■ **Exercise directions**
Skip the pictures and repeat each line of the data exactly.

■ **Dataset section**
----
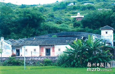 客家房屋建筑的特征,多为厅堂厨房间阁四方式。以土木结构平房为主,蹭有上下厅,左右两摆横屋左
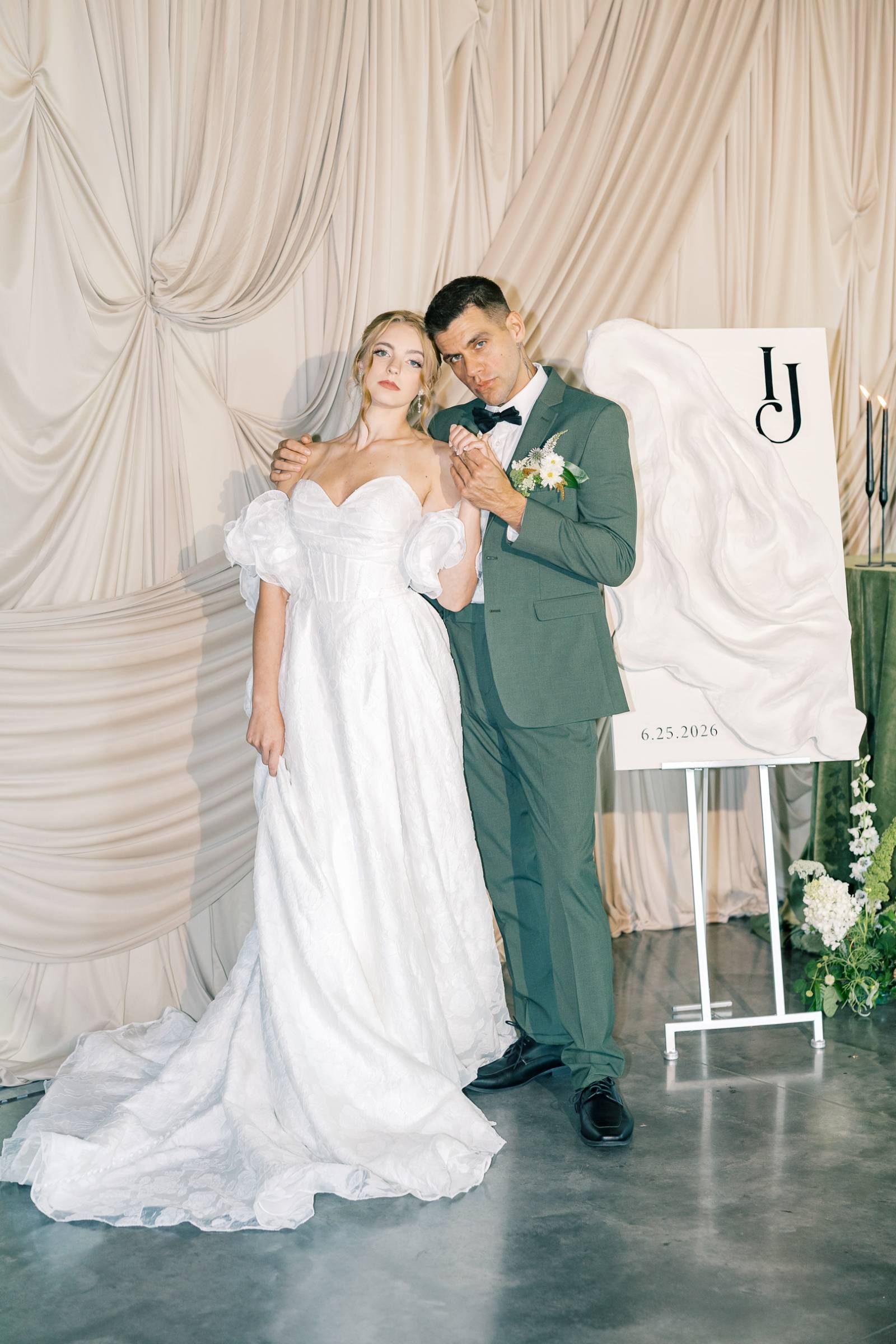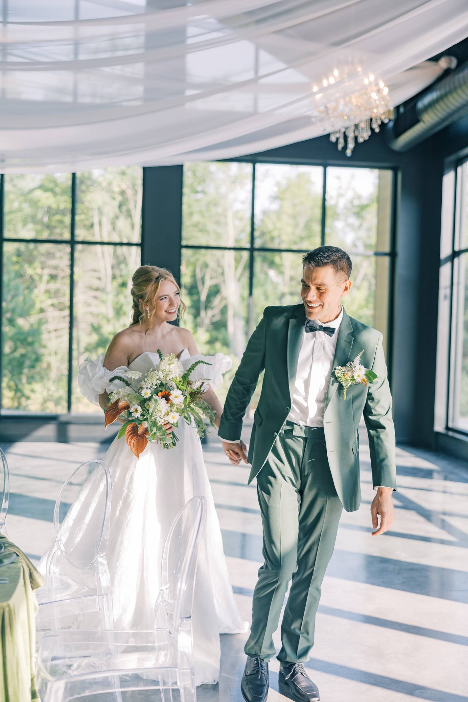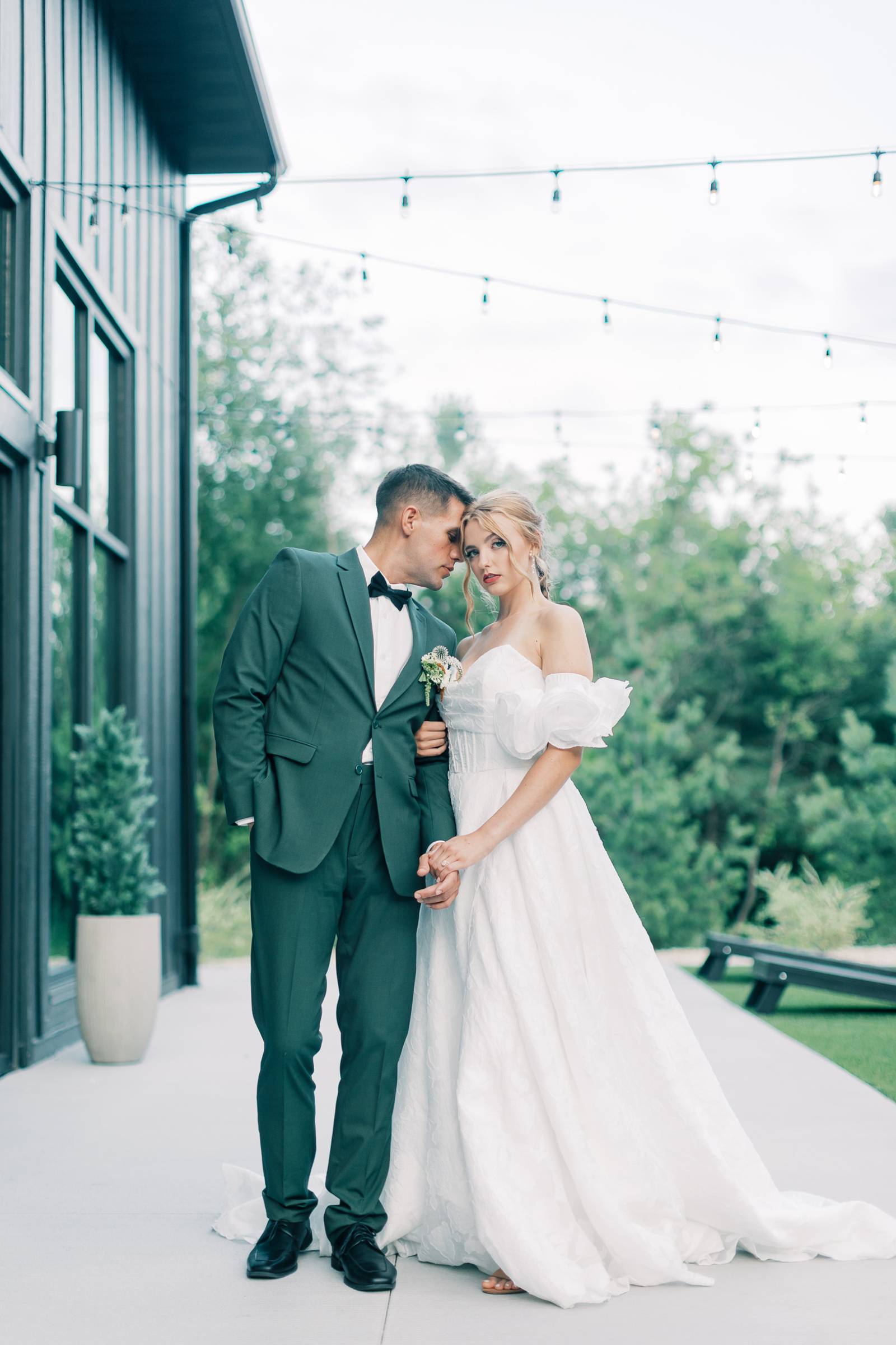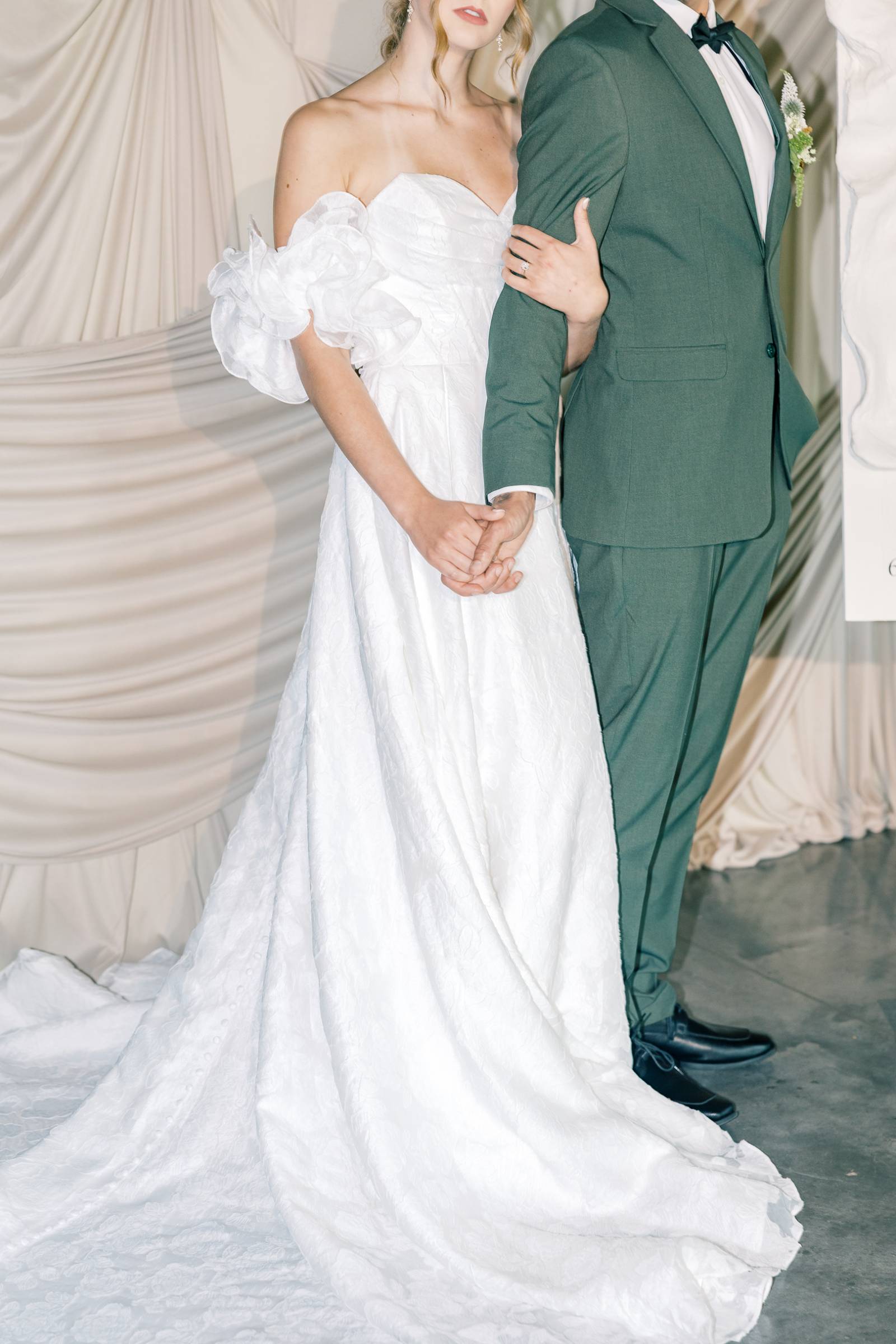 Charlotte’s Bridal & Formal Wear styled the couple in wedding fashions that were soft, elegant, and ethereal. The bride wore a dreamy A-line gown with a structured sweetheart corset and exposed boning. Trendy brocade fabric elegantly pleated at the waist, flowing into a full skirt with a high slit. Her look was completed with optional, puffy sleeves that sat right above the elbow.
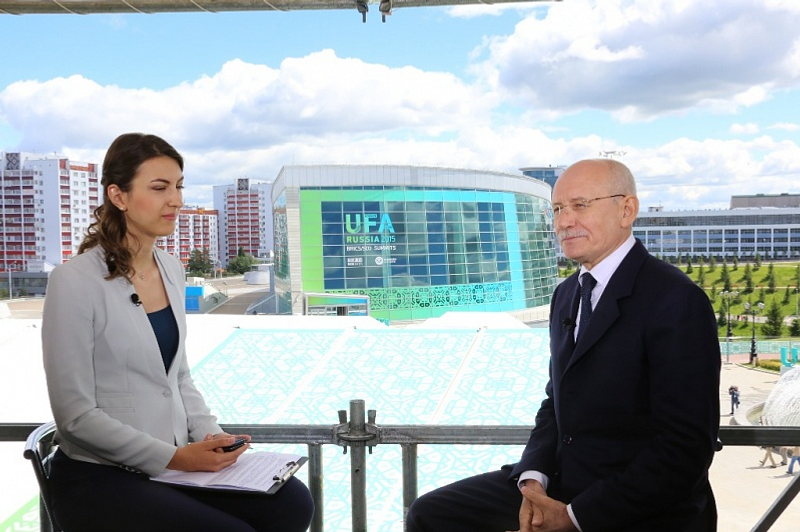 ӨФӨ, 2015 йыл, 8 июль. /«Башинформ» мәғлүмәт агентлығы, Сергей Захаров/. «Имтихан алдынан кешеләр һәр саҡ тулҡынлана. Был аңлашыла, сөнки Өфө беренсе тапҡыр күләмле халыҡ-ара сараларҙы — Шанхай хеҙмәттәшлек ойошмаһы һәм БРИКС илдәре саммиттарын ҡабул итә», — тип белдерҙе Башҡортостан Башлығы Рөстәм Хәмитов «Рәсәй 24» телеканалына биргән
----
■ **Exercise output**
 客家房屋建筑的特征,多为厅堂厨房间阁四方式。以土木结构平房为主,蹭有上下厅,左右两摆横屋左
 Charlotte’s Bridal & Formal Wear styled the couple in wedding fashions that were soft, elegant, and ethereal. The bride wore a dreamy A-line gown with a structured sweetheart corset and exposed boning. Trendy brocade fabric elegantly pleated at the waist, flowing into a full skirt with a high slit. Her look was completed with optional, puffy sleeves that sat right above the elbow.
 ӨФӨ, 2015 йыл, 8 июль. /«Башинформ» мәғлүмәт агентлығы, Сергей Захаров/. «Имтихан алдынан кешеләр һәр саҡ тулҡынлана. Был аңлашыла, сөнки Өфө беренсе тапҡыр күләмле халыҡ-ара сараларҙы — Шанхай хеҙмәттәшлек ойошмаһы һәм БРИКС илдәре саммиттарын ҡабул итә», — тип белдерҙе Башҡортостан Башлығы Рөстәм Хәмитов «Рәсәй 24» телеканалына биргән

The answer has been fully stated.